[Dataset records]
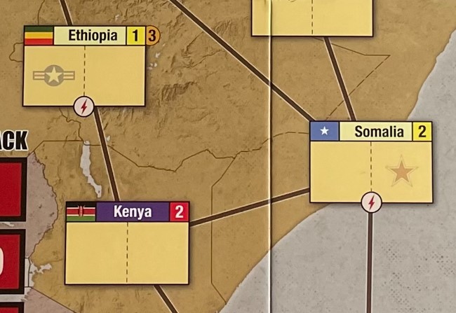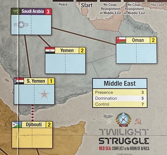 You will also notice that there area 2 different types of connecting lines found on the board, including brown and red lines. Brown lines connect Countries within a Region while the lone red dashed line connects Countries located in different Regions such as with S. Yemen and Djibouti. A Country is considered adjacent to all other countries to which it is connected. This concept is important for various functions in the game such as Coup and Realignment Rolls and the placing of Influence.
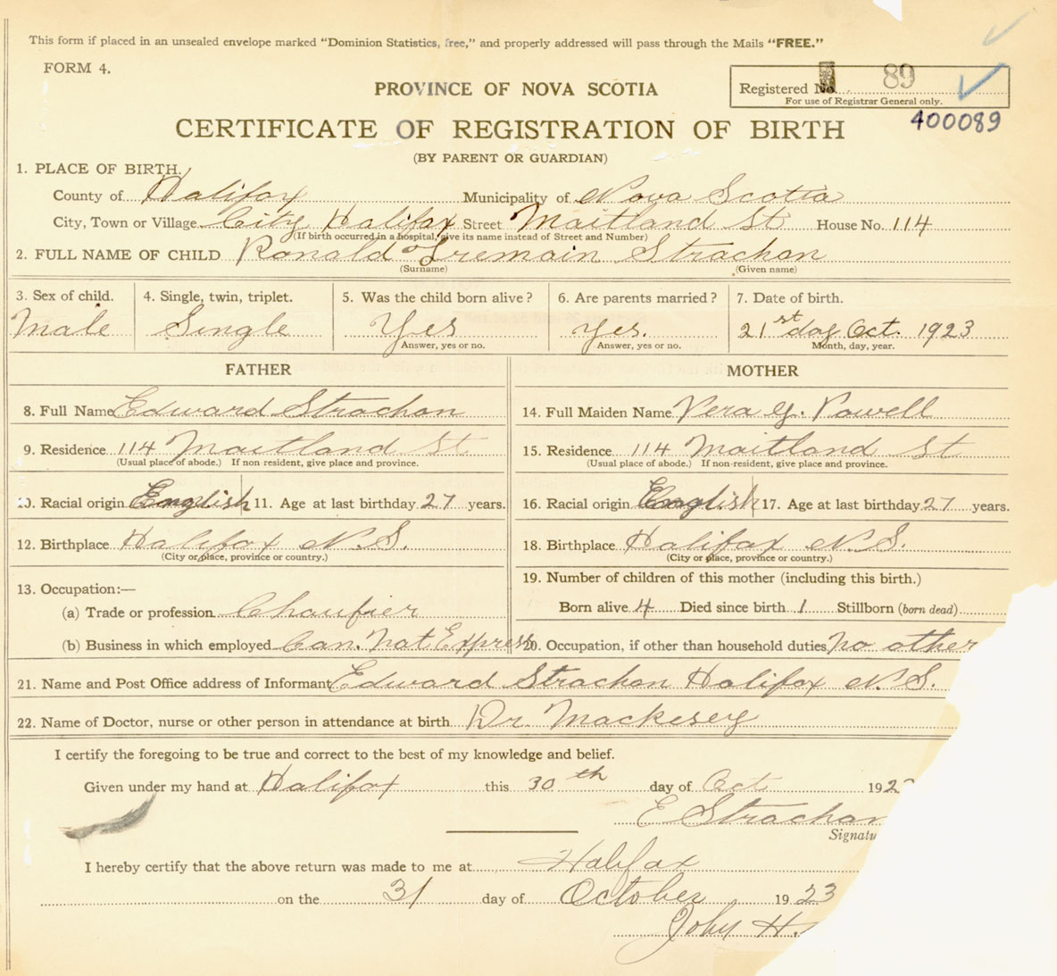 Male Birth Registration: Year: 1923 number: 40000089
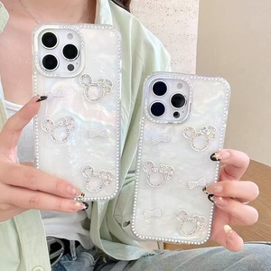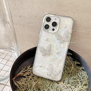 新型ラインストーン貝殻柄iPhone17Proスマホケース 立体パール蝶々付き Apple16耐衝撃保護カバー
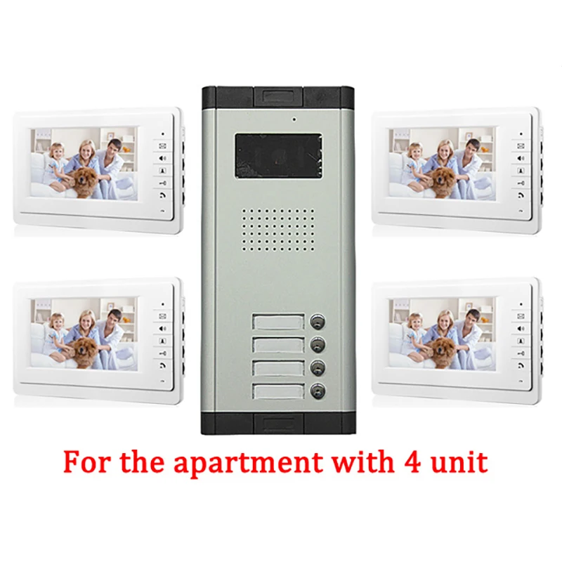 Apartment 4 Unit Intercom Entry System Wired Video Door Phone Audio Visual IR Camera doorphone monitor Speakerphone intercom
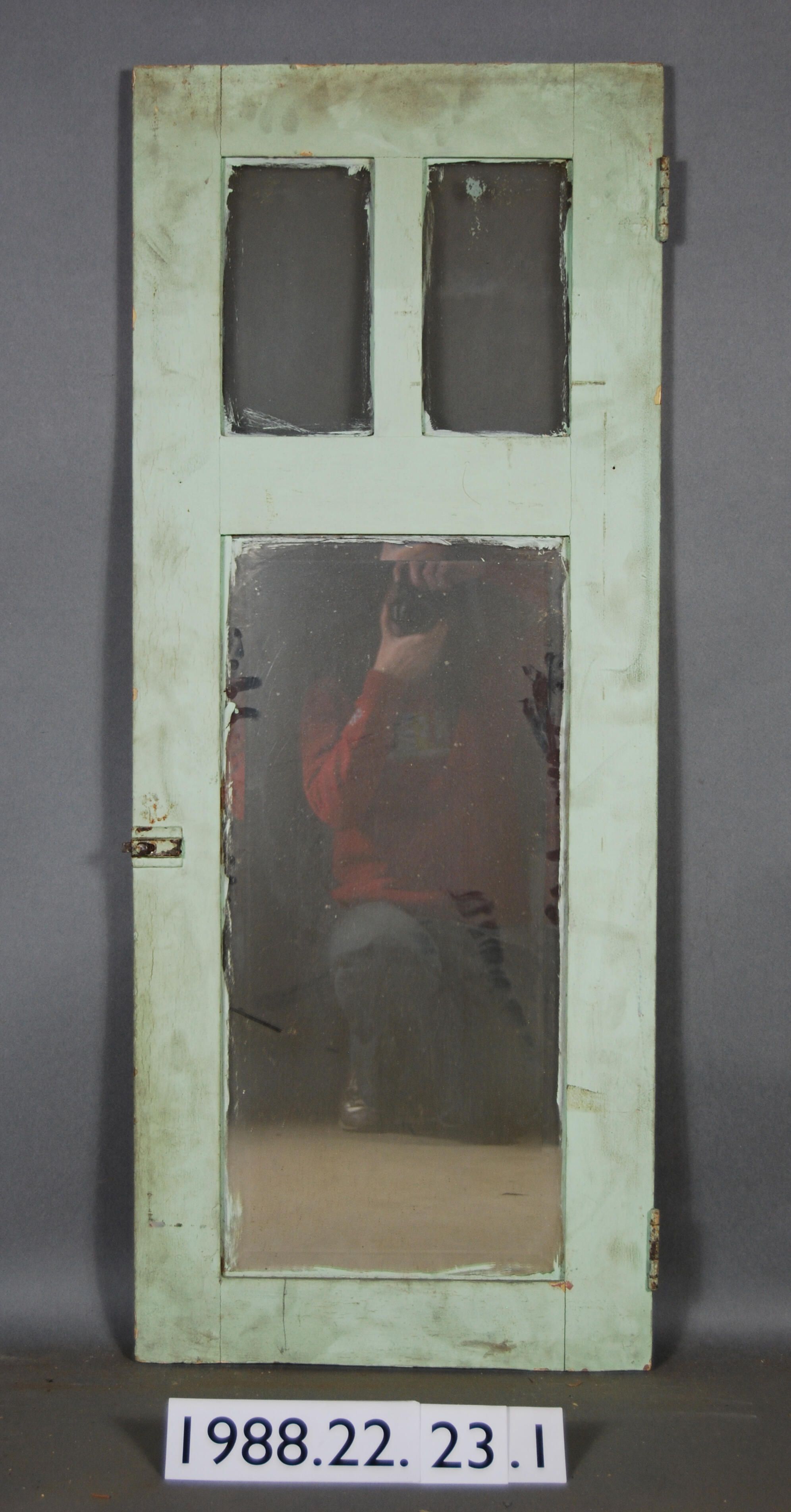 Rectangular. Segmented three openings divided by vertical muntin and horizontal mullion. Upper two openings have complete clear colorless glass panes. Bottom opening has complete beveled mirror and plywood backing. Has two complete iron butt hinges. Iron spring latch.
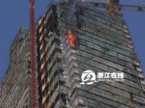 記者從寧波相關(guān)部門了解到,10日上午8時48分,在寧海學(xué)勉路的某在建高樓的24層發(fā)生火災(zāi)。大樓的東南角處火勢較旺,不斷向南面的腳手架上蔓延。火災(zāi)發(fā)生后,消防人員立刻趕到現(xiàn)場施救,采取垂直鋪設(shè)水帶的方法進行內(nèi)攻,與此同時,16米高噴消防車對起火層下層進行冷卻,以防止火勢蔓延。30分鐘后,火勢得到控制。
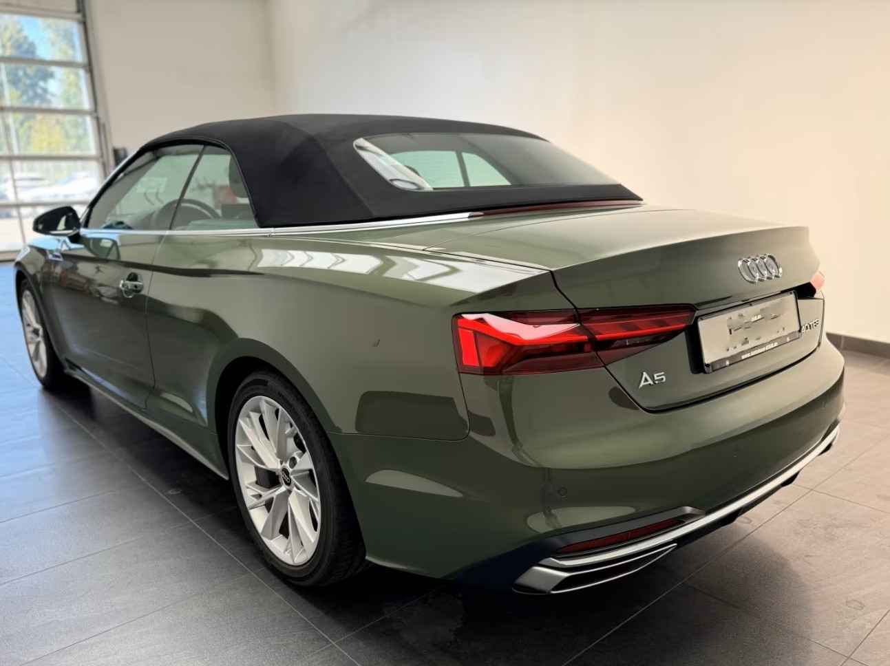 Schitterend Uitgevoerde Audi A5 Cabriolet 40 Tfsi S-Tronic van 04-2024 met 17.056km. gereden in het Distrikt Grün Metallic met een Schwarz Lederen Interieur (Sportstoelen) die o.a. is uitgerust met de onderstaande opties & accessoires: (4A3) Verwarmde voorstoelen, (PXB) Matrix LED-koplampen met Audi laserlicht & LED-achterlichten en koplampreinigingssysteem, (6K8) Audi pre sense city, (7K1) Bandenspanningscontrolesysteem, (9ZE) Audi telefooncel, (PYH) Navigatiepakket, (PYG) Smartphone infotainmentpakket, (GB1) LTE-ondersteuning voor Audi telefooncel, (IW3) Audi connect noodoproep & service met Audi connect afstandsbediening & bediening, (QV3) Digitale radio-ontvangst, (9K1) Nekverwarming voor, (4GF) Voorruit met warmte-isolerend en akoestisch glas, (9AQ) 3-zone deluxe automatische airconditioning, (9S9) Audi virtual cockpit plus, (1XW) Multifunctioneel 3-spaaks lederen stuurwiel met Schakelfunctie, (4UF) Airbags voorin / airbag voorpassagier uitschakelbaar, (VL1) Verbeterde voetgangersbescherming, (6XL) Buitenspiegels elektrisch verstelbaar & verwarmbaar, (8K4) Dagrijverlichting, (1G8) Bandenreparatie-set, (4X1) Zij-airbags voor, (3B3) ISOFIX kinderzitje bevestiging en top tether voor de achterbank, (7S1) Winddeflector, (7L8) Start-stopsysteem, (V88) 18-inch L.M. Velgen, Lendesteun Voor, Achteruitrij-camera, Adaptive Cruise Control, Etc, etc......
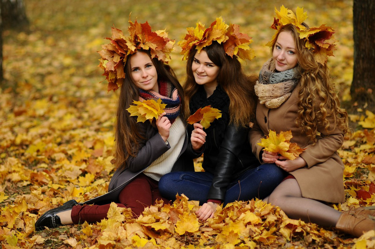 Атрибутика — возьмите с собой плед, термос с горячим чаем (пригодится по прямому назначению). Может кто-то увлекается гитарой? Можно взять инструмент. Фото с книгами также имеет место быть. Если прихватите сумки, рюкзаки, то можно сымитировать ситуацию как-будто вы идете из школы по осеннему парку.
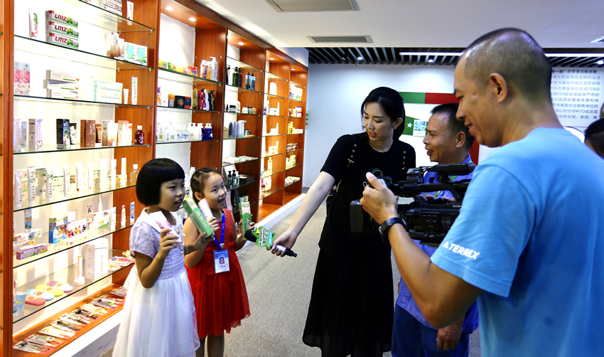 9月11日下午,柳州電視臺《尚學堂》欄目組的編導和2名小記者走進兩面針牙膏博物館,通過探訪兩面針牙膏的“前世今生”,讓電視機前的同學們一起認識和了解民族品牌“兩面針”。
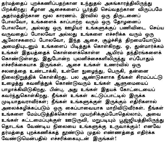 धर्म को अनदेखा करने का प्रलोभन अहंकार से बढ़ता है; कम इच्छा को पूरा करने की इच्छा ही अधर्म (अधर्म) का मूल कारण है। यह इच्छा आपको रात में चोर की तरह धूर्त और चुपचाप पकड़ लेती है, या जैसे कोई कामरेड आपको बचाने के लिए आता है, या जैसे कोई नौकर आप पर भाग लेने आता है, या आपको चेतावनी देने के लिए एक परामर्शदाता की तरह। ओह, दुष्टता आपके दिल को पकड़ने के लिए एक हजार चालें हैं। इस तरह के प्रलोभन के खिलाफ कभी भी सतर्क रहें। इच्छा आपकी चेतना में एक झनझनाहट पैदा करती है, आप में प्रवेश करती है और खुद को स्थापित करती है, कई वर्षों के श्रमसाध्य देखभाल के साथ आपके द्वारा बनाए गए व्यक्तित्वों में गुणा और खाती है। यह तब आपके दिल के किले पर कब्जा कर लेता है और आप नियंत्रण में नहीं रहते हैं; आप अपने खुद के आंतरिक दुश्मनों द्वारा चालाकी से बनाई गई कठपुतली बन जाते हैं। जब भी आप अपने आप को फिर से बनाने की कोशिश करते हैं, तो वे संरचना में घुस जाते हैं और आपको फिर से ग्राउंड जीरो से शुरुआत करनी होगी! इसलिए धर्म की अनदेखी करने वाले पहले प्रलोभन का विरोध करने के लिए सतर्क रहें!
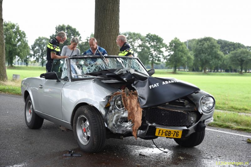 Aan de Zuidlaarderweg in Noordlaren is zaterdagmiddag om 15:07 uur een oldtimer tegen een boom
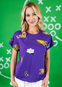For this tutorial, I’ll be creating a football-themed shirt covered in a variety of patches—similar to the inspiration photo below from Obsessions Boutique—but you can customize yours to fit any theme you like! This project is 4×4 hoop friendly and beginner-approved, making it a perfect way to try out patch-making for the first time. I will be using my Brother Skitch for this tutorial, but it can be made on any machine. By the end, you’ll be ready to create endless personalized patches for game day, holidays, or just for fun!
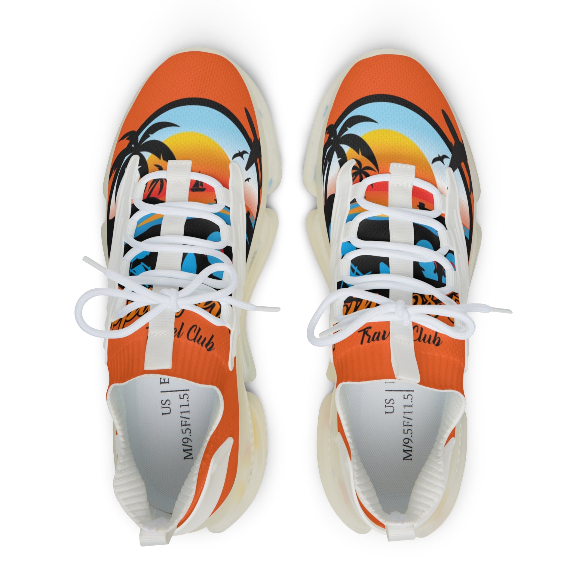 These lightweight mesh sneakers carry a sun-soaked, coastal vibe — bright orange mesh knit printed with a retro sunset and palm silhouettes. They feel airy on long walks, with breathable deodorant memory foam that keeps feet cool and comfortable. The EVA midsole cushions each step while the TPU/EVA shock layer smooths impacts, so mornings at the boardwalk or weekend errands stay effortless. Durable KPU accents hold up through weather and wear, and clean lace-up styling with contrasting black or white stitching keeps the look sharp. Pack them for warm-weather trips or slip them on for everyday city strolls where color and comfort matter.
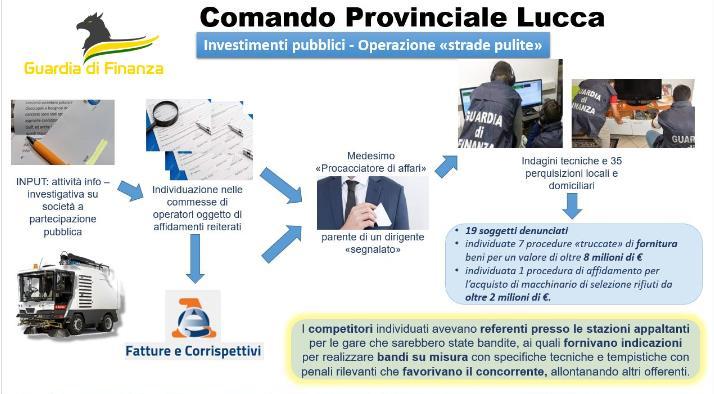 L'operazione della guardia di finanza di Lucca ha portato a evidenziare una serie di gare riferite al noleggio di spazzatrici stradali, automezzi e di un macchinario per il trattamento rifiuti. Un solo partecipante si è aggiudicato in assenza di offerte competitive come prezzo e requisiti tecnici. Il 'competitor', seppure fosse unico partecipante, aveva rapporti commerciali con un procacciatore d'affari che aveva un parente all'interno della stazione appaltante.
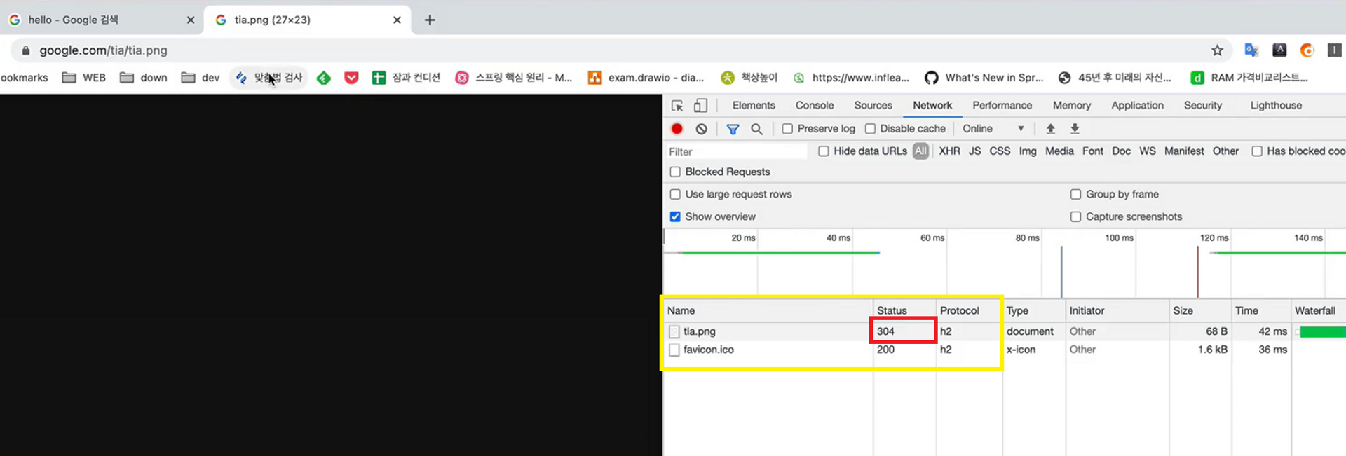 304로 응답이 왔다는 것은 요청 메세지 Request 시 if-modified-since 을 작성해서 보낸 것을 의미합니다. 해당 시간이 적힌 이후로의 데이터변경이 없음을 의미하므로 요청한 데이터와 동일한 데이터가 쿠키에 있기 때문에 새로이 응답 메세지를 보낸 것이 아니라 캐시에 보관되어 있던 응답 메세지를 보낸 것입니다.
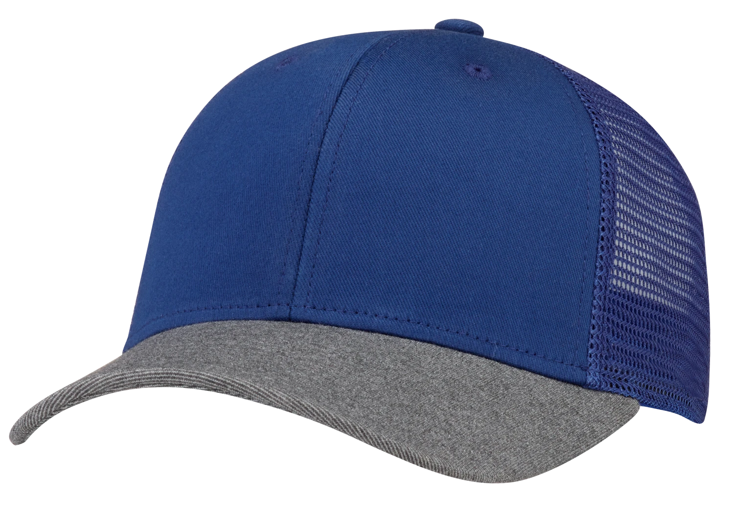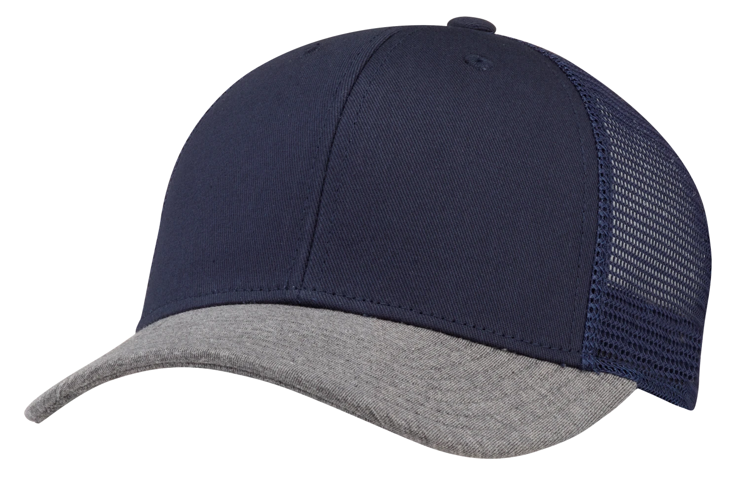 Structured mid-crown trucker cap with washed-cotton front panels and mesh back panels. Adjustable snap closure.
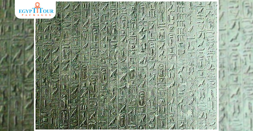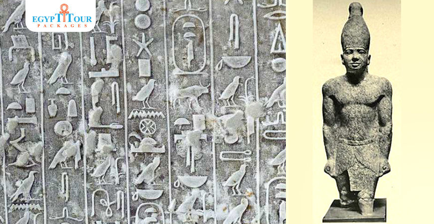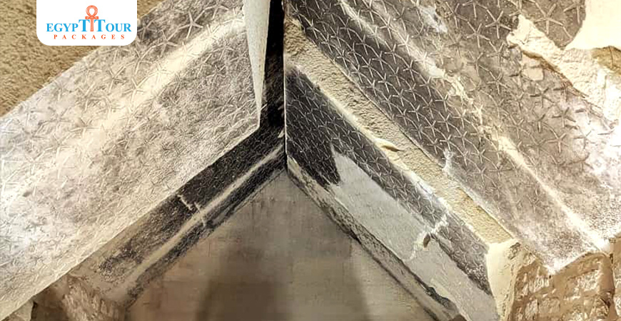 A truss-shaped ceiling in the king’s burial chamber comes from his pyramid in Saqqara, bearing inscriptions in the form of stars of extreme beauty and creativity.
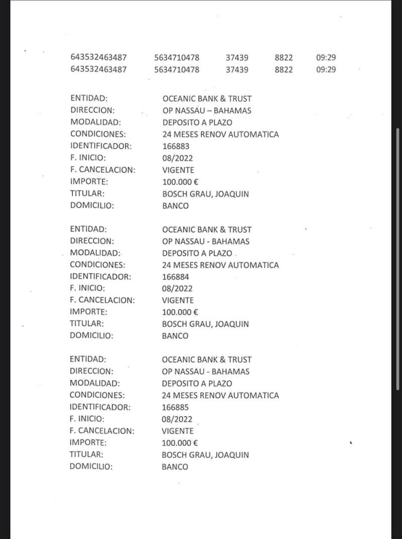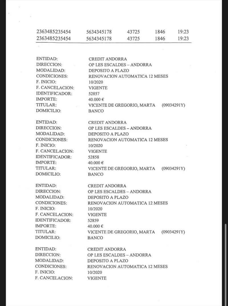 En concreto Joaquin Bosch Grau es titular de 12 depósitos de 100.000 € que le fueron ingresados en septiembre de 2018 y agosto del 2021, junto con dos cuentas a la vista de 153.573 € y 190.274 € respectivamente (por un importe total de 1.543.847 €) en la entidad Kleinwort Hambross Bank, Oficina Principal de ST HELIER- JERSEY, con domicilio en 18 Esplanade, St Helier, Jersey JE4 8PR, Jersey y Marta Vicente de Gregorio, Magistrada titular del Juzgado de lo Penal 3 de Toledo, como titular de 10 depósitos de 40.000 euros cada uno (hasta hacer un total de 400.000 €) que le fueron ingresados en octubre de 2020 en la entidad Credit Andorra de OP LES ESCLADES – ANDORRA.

Task prompt → Beginning at the line above that contains "Aan de Zuidlaarderweg" and going on through the line that contains "These lightweight mesh", please copy every line exactly, leaving the pictures out and adding nothing.

Exercise solution →
 Aan de Zuidlaarderweg in Noordlaren is zaterdagmiddag om 15:07 uur een oldtimer tegen een boom
For this tutorial, I’ll be creating a football-themed shirt covered in a variety of patches—similar to the inspiration photo below from Obsessions Boutique—but you can customize yours to fit any theme you like! This project is 4×4 hoop friendly and beginner-approved, making it a perfect way to try out patch-making for the first time. I will be using my Brother Skitch for this tutorial, but it can be made on any machine. By the end, you’ll be ready to create endless personalized patches for game day, holidays, or just for fun!
 These lightweight mesh sneakers carry a sun-soaked, coastal vibe — bright orange mesh knit printed with a retro sunset and palm silhouettes. They feel airy on long walks, with breathable deodorant memory foam that keeps feet cool and comfortable. The EVA midsole cushions each step while the TPU/EVA shock layer smooths impacts, so mornings at the boardwalk or weekend errands stay effortless. Durable KPU accents hold up through weather and wear, and clean lace-up styling with contrasting black or white stitching keeps the look sharp. Pack them for warm-weather trips or slip them on for everyday city strolls where color and comfort matter.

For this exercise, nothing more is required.